At its peak, the airline operated scheduled regional passenger services to Rwanda, Tanzania, and Uganda with its main base at Bujumbura International Airport, and headquarters  in Bujumbura.

History

Early history 
The airline was established in April 1971, and started operations in 1975. It was formed as Société de Transports Aériens du Burundi, and adopted the present name in June 1975. The airline began operations a fleet of two Douglas DC-3s followed by two De Havilland DHC-6 Twin Otter and a Sud Caravelle III in 1980. The 1996 Burundian Civil War put a lot of pressure on the airline, and transportation of all forms in the country was paralyzed. In 1999 the East African Community lifted sanctions on Burundi and the airline resumed operations from February 1, 1999.

Troubled operations 

The airline continued to provide scheduled flights to nearby regional cities, however in spring of 2007, due to technical issues it temporarily suspended operations. In 2008, the airline was relaunched with a much smaller network, providing daily flights to Kigali and Entebbe.

In September 2009, an inability to secure adequate funding to overhaul its aircraft led to the airline's suspension of operations; the single aircraft in operation, a Beechcraft 1900, had reached the maximum flight hours before a major service was mandated. The aircraft was flown to South Africa to undergo regular maintenance operations, to cost at least $1m.

Press reports in September 2013 indicated that the airline will require $1.3million to overhaul and return its Beechcraft 1900C into active service in support of the airline's sole functioning aircraft, an MA60. Despite the arrival of the MA60, operations have not resumed. For a second MA60, due as part of a "Buy one, get one free" deal with China, the contract regarding the purchase of the aircraft (recorded as having been a "donation" from China to Burundi) had yet to be finalised, with no delivery date agreed to date.

Revival 
In August 2011, East African media reported that Air Burundi had started a process of restructuring. Six international companies had already been pre-selected, through competitive bidding, to propose a restructuring process. Plans were apparently under way to either lease or acquire new aircraft to facilitate the resumption of flight operations.
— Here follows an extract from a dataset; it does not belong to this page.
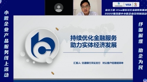 连麦的第四位嘉宾是交通银行天坛支行对公客户经理胡泽坤,胡老师介绍了交通银行现在的对于小微企业的减费让利政策,并且为小微企业主带来了交通银行的产品“普惠E贷”,包括申请方式及要求,向企业主展示交通银行的优惠政策。

In January 2013 it was reported that the privatisation of Air Burundi had in part been delayed by the carrier's 90% shareholding in SOBUGEA (Société Burundaise de Gestion Aéroportuaire), the country's airport management company. Staff there argued that the Privatisation bill introduced by the government contained many irregularities, including reference to  "Air-Burundi/Sobugea", a company that does not exist: "The first is a public company created in 1975, governed by Decree No. 100/160 of September 5, 1997, while the second was born in 1981 and governed by the laws of 12 March 2008." Although privatisation had been discussed a while ago, it was argued that the two companies should be taken separately: "Each has its heritage and its status. Contrary to what is stated in the explanatory memorandum, any reform concerning Air Burundi does not include SOBUGEA."

Corporate affairs

Ownership
Air Burundi, which had its head office in Bujumbura, was wholly owned by the government of Burundi.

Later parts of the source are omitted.